**Prompt:** Could you please output all of the records exactly?

-- Stored data follows --

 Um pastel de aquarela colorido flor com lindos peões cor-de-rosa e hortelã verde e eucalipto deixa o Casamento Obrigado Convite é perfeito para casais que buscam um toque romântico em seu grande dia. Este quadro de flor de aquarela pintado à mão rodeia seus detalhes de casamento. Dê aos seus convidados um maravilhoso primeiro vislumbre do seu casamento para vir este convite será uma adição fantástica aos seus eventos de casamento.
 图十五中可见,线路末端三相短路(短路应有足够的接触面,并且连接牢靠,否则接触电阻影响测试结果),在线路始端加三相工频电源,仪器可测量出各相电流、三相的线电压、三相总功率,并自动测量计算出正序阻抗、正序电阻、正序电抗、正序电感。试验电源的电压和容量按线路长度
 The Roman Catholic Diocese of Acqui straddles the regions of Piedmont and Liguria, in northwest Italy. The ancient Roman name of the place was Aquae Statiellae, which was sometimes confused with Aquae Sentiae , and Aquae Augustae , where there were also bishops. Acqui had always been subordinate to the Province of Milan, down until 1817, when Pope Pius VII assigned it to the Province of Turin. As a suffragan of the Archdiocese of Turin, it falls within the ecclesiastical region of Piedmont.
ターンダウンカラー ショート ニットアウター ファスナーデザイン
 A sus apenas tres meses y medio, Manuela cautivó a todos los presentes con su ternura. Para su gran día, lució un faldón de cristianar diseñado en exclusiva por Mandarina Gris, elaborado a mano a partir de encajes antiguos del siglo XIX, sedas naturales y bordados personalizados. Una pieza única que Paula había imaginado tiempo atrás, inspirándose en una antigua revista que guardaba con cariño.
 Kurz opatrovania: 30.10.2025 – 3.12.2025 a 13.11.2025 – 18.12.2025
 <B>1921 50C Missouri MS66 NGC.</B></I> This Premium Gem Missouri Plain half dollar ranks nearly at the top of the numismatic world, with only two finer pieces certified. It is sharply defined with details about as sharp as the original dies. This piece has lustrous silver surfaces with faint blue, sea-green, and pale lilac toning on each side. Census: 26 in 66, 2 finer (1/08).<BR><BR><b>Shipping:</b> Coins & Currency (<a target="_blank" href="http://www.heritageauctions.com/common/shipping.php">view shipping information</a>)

-- Stored data concluded --

**Written answer:**
 Um pastel de aquarela colorido flor com lindos peões cor-de-rosa e hortelã verde e eucalipto deixa o Casamento Obrigado Convite é perfeito para casais que buscam um toque romântico em seu grande dia. Este quadro de flor de aquarela pintado à mão rodeia seus detalhes de casamento. Dê aos seus convidados um maravilhoso primeiro vislumbre do seu casamento para vir este convite será uma adição fantástica aos seus eventos de casamento.
 图十五中可见,线路末端三相短路(短路应有足够的接触面,并且连接牢靠,否则接触电阻影响测试结果),在线路始端加三相工频电源,仪器可测量出各相电流、三相的线电压、三相总功率,并自动测量计算出正序阻抗、正序电阻、正序电抗、正序电感。试验电源的电压和容量按线路长度
 The Roman Catholic Diocese of Acqui straddles the regions of Piedmont and Liguria, in northwest Italy. The ancient Roman name of the place was Aquae Statiellae, which was sometimes confused with Aquae Sentiae , and Aquae Augustae , where there were also bishops. Acqui had always been subordinate to the Province of Milan, down until 1817, when Pope Pius VII assigned it to the Province of Turin. As a suffragan of the Archdiocese of Turin, it falls within the ecclesiastical region of Piedmont.
ターンダウンカラー ショート ニットアウター ファスナーデザイン
 A sus apenas tres meses y medio, Manuela cautivó a todos los presentes con su ternura. Para su gran día, lució un faldón de cristianar diseñado en exclusiva por Mandarina Gris, elaborado a mano a partir de encajes antiguos del siglo XIX, sedas naturales y bordados personalizados. Una pieza única que Paula había imaginado tiempo atrás, inspirándose en una antigua revista que guardaba con cariño.
 Kurz opatrovania: 30.10.2025 – 3.12.2025 a 13.11.2025 – 18.12.2025
 <B>1921 50C Missouri MS66 NGC.</B></I> This Premium Gem Missouri Plain half dollar ranks nearly at the top of the numismatic world, with only two finer pieces certified. It is sharply defined with details about as sharp as the original dies. This piece has lustrous silver surfaces with faint blue, sea-green, and pale lilac toning on each side. Census: 26 in 66, 2 finer (1/08).<BR><BR><b>Shipping:</b> Coins & Currency (<a target="_blank" href="http://www.heritageauctions.com/common/shipping.php">view shipping information</a>)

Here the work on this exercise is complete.